Your instructions:
Carry none of the pictures over; write out the complete data exactly.

[Data to examine — start]

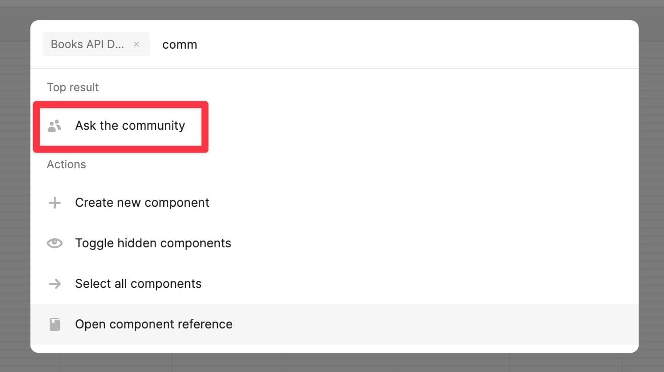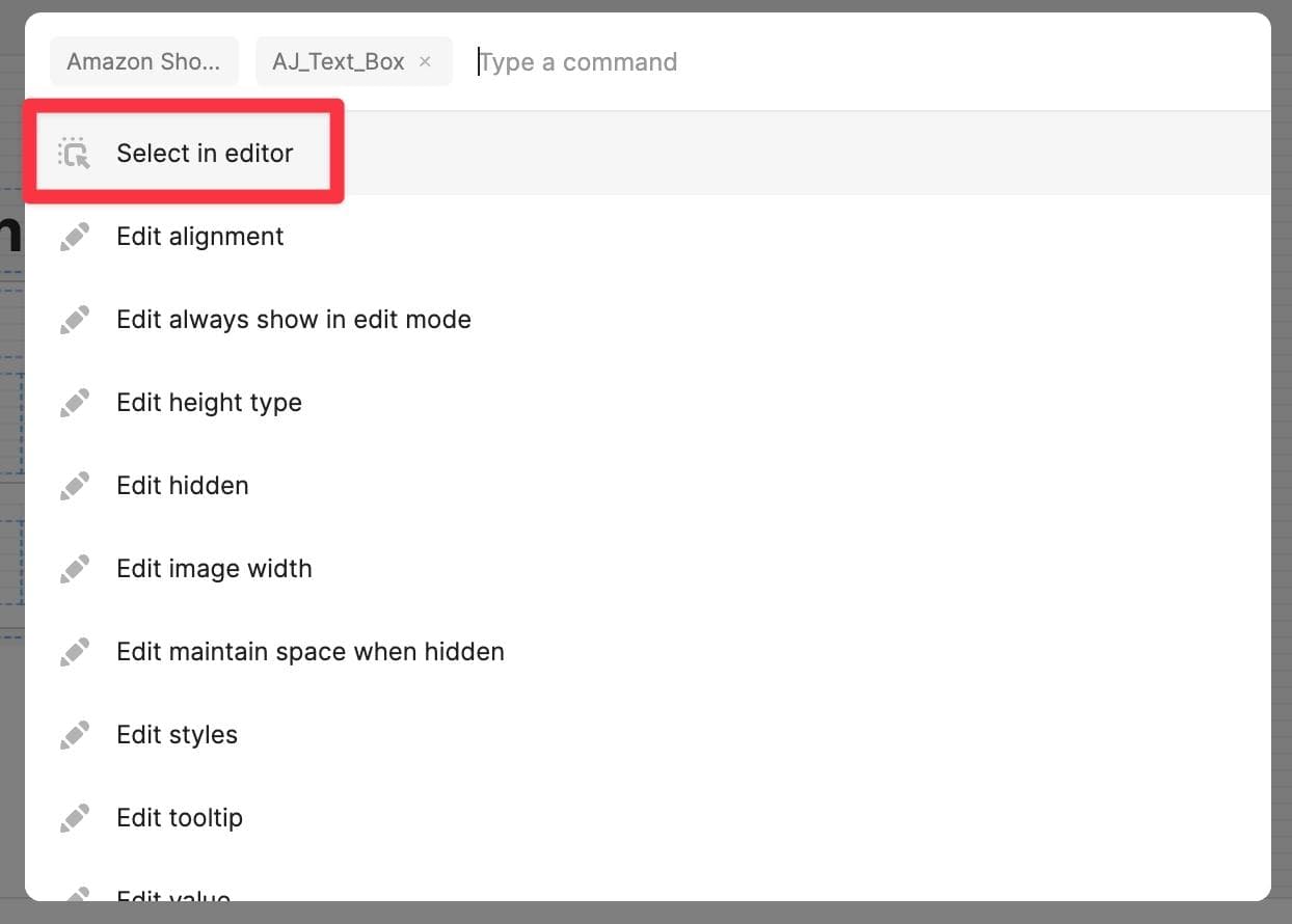 You can use the Command Palette to quickly find and select the components on the canvas. This is super helpful when you have components nested within containers, or are too close to each other making manual selection hard. Instead, you can simply type the name of the component in the Command Palette, and click “Select in editor”.
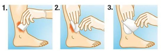 - die Wunde nach üblichem Standard reinigen und anschließend die Wundumgebung mit sterilen Wundkompressen sorgfältig trocken tupfen.
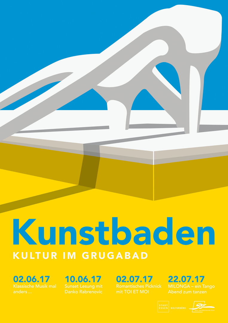 This poster communicates the cultural event “Kunstbaden” (art bathing), which took place at the Essen Grugabad for the first time in the summer season 2017. The city’s largest open-air swimming pool, with its distinctive early 1960s architecture, offered the stage on four occasions throughout the summer season for a series of concerts, literary events and dance performances. It was organised as a cooperation between Essen’s office of culture and the city’s sports and bathing companies. The design concept for the event also included a brochure.
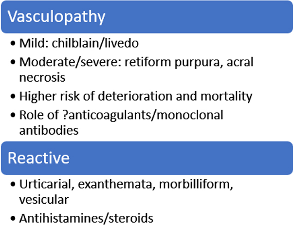 Dermatologists play an important role in accurately diagnosing dermatoses during this pandemic, especially when some cases may be asymptomatic at the time of cutaneous presentation. With this proposed dichotomy, it may better help us take care of our patients and help guide clinical management in a multidisciplinary setting.
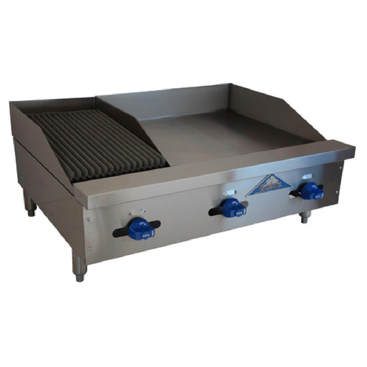 Comstock-Castle, FHP36-24-1RB, Char-Broiler/Griddle Combination, countertop, gas, 36" wide x 28" deep frame, (1) 12" x 21" char-broiler area, cast iron grates, sloped or flat, iron radiant, (1) 24" x 21" x 3/4" thick griddle plate, stainless steel splash guards on 3 sides, insulated stainless steel sides, 5" stainless steel legs, (3) manual controls, 83,000 BTU, 3/4" gas connection, NSF, ETL
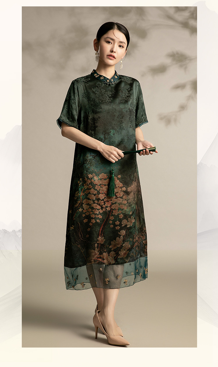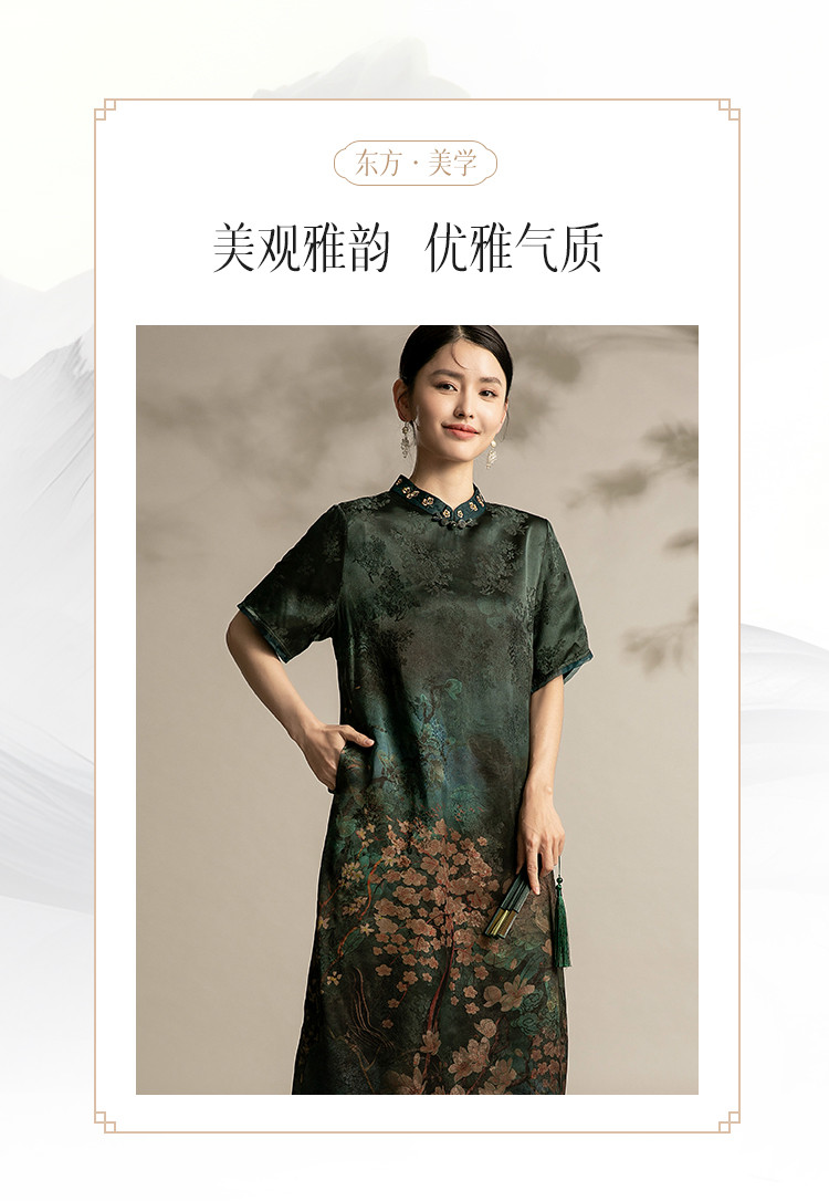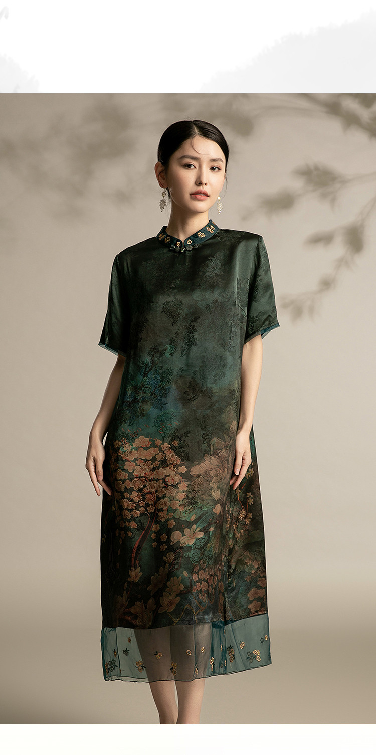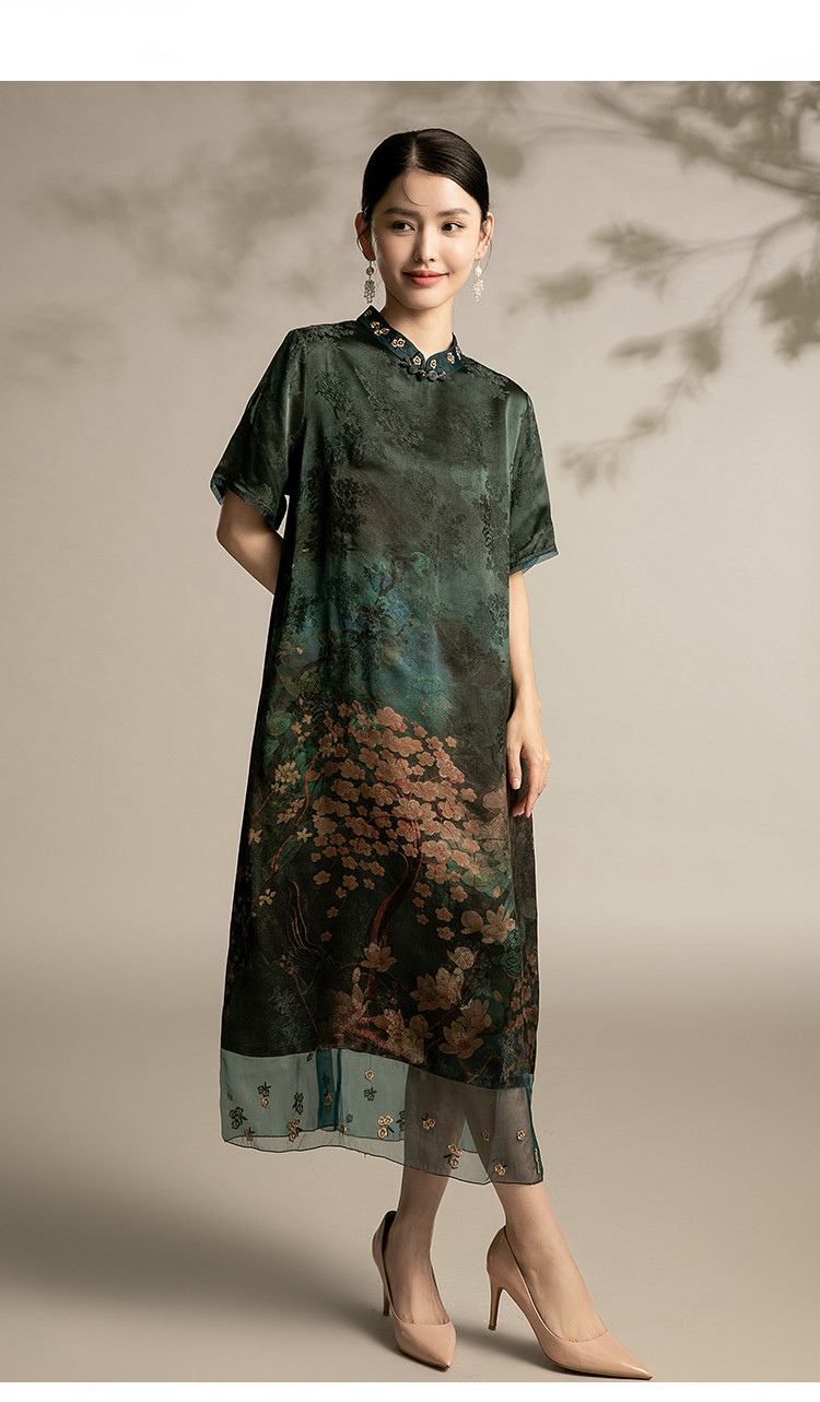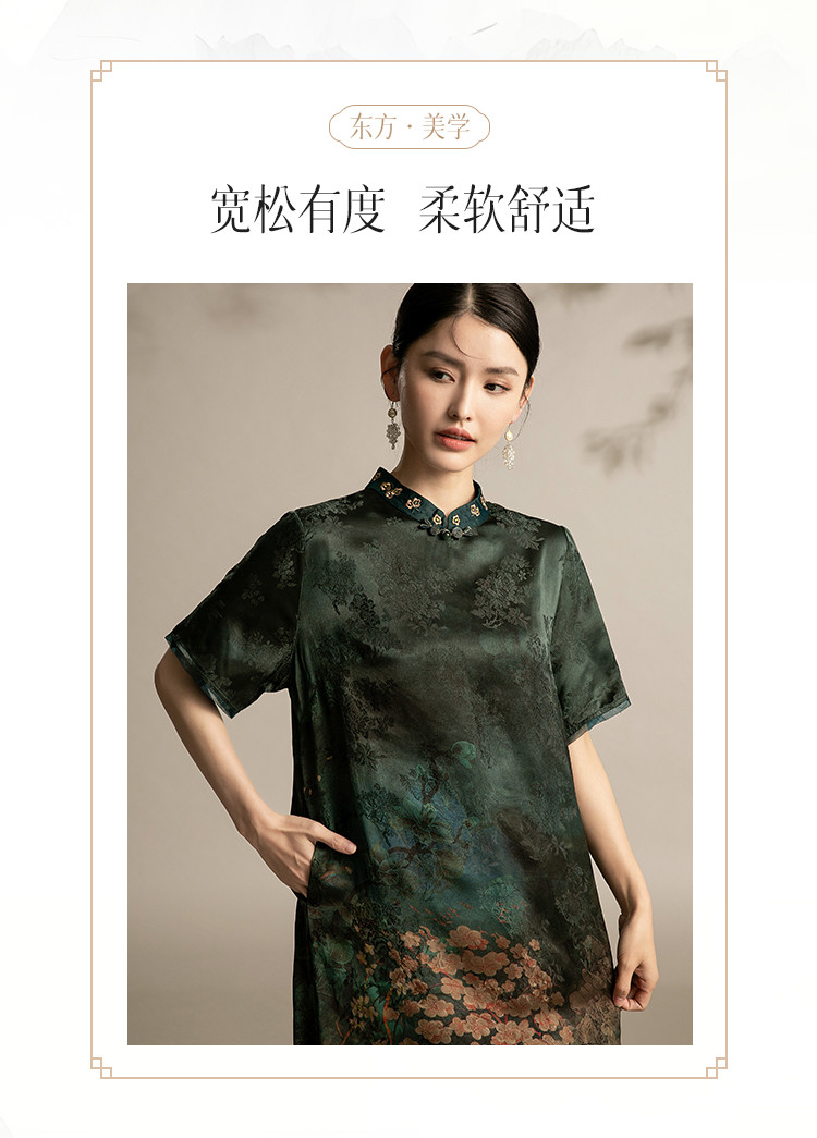 商品名称:夏季改良版连衣裙洋气印花舒适宽松裙中年中国风裙子 496095

[Data to examine — finish]

Solution for this task:
 You can use the Command Palette to quickly find and select the components on the canvas. This is super helpful when you have components nested within containers, or are too close to each other making manual selection hard. Instead, you can simply type the name of the component in the Command Palette, and click “Select in editor”.
 - die Wunde nach üblichem Standard reinigen und anschließend die Wundumgebung mit sterilen Wundkompressen sorgfältig trocken tupfen.
 This poster communicates the cultural event “Kunstbaden” (art bathing), which took place at the Essen Grugabad for the first time in the summer season 2017. The city’s largest open-air swimming pool, with its distinctive early 1960s architecture, offered the stage on four occasions throughout the summer season for a series of concerts, literary events and dance performances. It was organised as a cooperation between Essen’s office of culture and the city’s sports and bathing companies. The design concept for the event also included a brochure.
 Dermatologists play an important role in accurately diagnosing dermatoses during this pandemic, especially when some cases may be asymptomatic at the time of cutaneous presentation. With this proposed dichotomy, it may better help us take care of our patients and help guide clinical management in a multidisciplinary setting.
 Comstock-Castle, FHP36-24-1RB, Char-Broiler/Griddle Combination, countertop, gas, 36" wide x 28" deep frame, (1) 12" x 21" char-broiler area, cast iron grates, sloped or flat, iron radiant, (1) 24" x 21" x 3/4" thick griddle plate, stainless steel splash guards on 3 sides, insulated stainless steel sides, 5" stainless steel legs, (3) manual controls, 83,000 BTU, 3/4" gas connection, NSF, ETL
 商品名称:夏季改良版连衣裙洋气印花舒适宽松裙中年中国风裙子 496095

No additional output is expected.